(What you should do): The data must be reproduced verbatim; images are to be omitted.

[Records from a data source]
====================
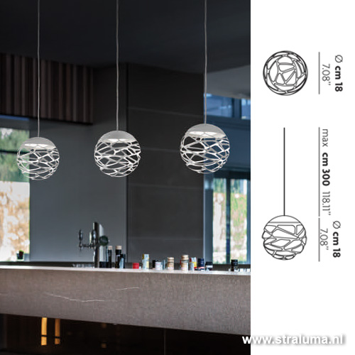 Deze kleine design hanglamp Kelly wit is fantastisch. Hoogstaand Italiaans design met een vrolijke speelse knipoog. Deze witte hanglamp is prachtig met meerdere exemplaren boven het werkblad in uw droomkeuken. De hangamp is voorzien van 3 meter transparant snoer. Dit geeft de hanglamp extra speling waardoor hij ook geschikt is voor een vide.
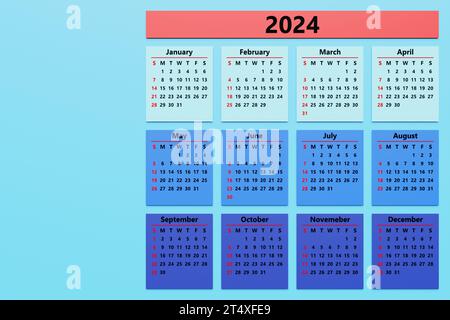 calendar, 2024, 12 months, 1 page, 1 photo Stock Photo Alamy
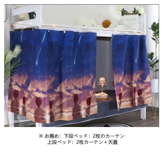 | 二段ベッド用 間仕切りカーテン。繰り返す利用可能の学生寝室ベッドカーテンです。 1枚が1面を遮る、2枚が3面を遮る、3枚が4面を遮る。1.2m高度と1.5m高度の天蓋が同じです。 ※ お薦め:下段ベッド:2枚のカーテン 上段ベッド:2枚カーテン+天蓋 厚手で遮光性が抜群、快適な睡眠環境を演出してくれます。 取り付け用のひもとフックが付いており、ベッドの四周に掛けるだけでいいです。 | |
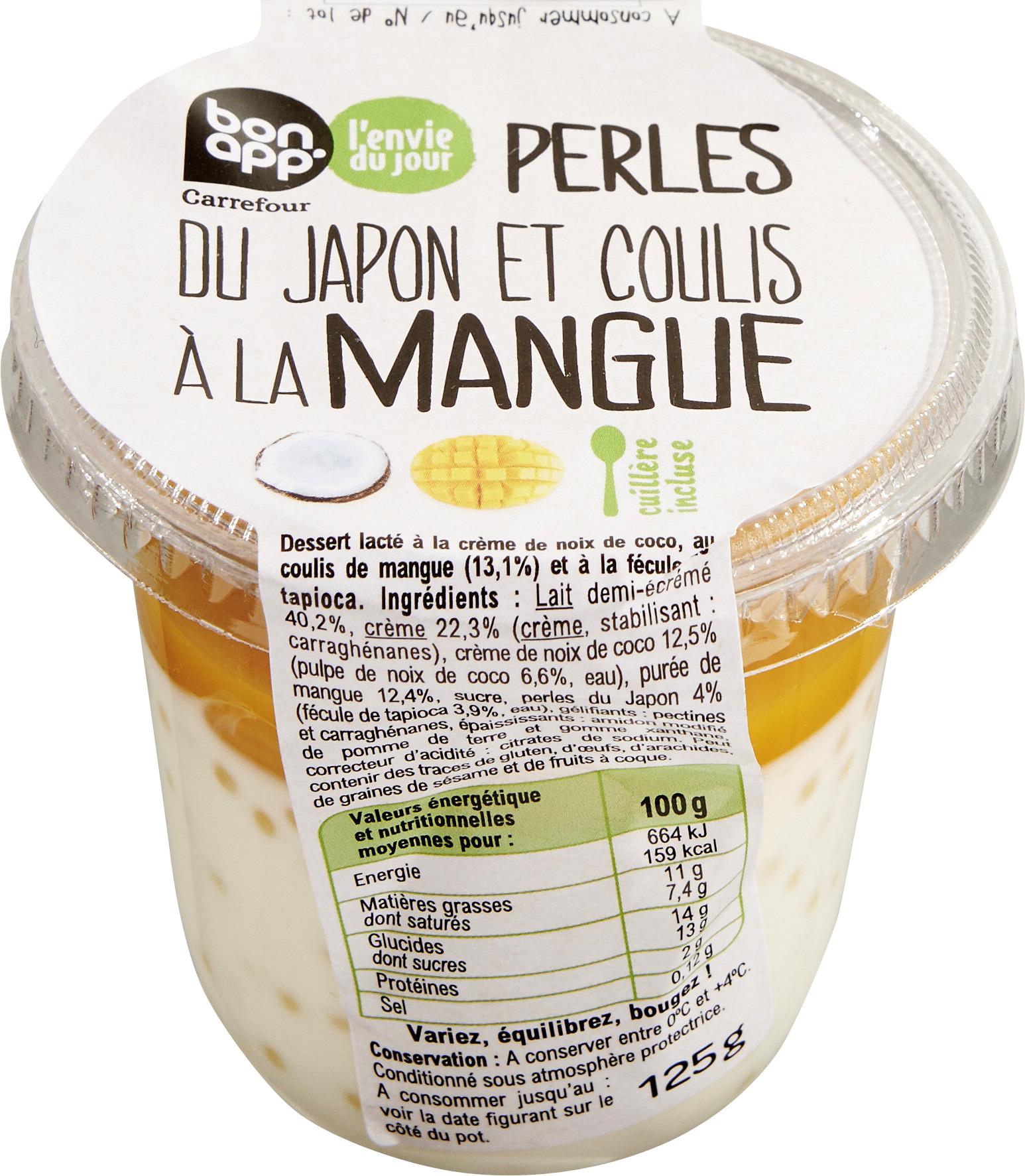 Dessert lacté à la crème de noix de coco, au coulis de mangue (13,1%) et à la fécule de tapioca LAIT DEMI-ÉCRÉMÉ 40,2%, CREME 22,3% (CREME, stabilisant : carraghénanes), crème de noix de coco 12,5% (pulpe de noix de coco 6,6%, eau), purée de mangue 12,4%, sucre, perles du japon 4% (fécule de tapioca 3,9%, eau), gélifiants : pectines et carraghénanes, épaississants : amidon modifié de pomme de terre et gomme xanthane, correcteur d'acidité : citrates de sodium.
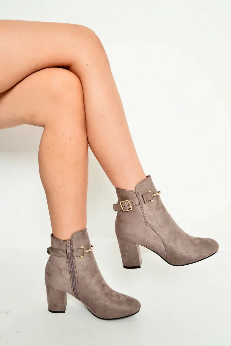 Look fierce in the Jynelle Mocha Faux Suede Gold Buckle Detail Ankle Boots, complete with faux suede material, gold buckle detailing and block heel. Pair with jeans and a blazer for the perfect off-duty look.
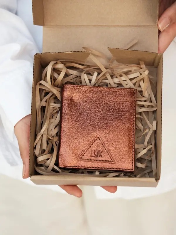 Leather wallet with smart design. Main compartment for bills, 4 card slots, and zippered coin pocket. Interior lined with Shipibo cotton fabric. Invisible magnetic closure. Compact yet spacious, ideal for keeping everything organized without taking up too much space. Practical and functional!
====================
(Reply to the task):
 Deze kleine design hanglamp Kelly wit is fantastisch. Hoogstaand Italiaans design met een vrolijke speelse knipoog. Deze witte hanglamp is prachtig met meerdere exemplaren boven het werkblad in uw droomkeuken. De hangamp is voorzien van 3 meter transparant snoer. Dit geeft de hanglamp extra speling waardoor hij ook geschikt is voor een vide.
 calendar, 2024, 12 months, 1 page, 1 photo Stock Photo Alamy
 | 二段ベッド用 間仕切りカーテン。繰り返す利用可能の学生寝室ベッドカーテンです。 1枚が1面を遮る、2枚が3面を遮る、3枚が4面を遮る。1.2m高度と1.5m高度の天蓋が同じです。 ※ お薦め:下段ベッド:2枚のカーテン 上段ベッド:2枚カーテン+天蓋 厚手で遮光性が抜群、快適な睡眠環境を演出してくれます。 取り付け用のひもとフックが付いており、ベッドの四周に掛けるだけでいいです。 | |
 Dessert lacté à la crème de noix de coco, au coulis de mangue (13,1%) et à la fécule de tapioca LAIT DEMI-ÉCRÉMÉ 40,2%, CREME 22,3% (CREME, stabilisant : carraghénanes), crème de noix de coco 12,5% (pulpe de noix de coco 6,6%, eau), purée de mangue 12,4%, sucre, perles du japon 4% (fécule de tapioca 3,9%, eau), gélifiants : pectines et carraghénanes, épaississants : amidon modifié de pomme de terre et gomme xanthane, correcteur d'acidité : citrates de sodium.
 Look fierce in the Jynelle Mocha Faux Suede Gold Buckle Detail Ankle Boots, complete with faux suede material, gold buckle detailing and block heel. Pair with jeans and a blazer for the perfect off-duty look.
 Leather wallet with smart design. Main compartment for bills, 4 card slots, and zippered coin pocket. Interior lined with Shipibo cotton fabric. Invisible magnetic closure. Compact yet spacious, ideal for keeping everything organized without taking up too much space. Practical and functional!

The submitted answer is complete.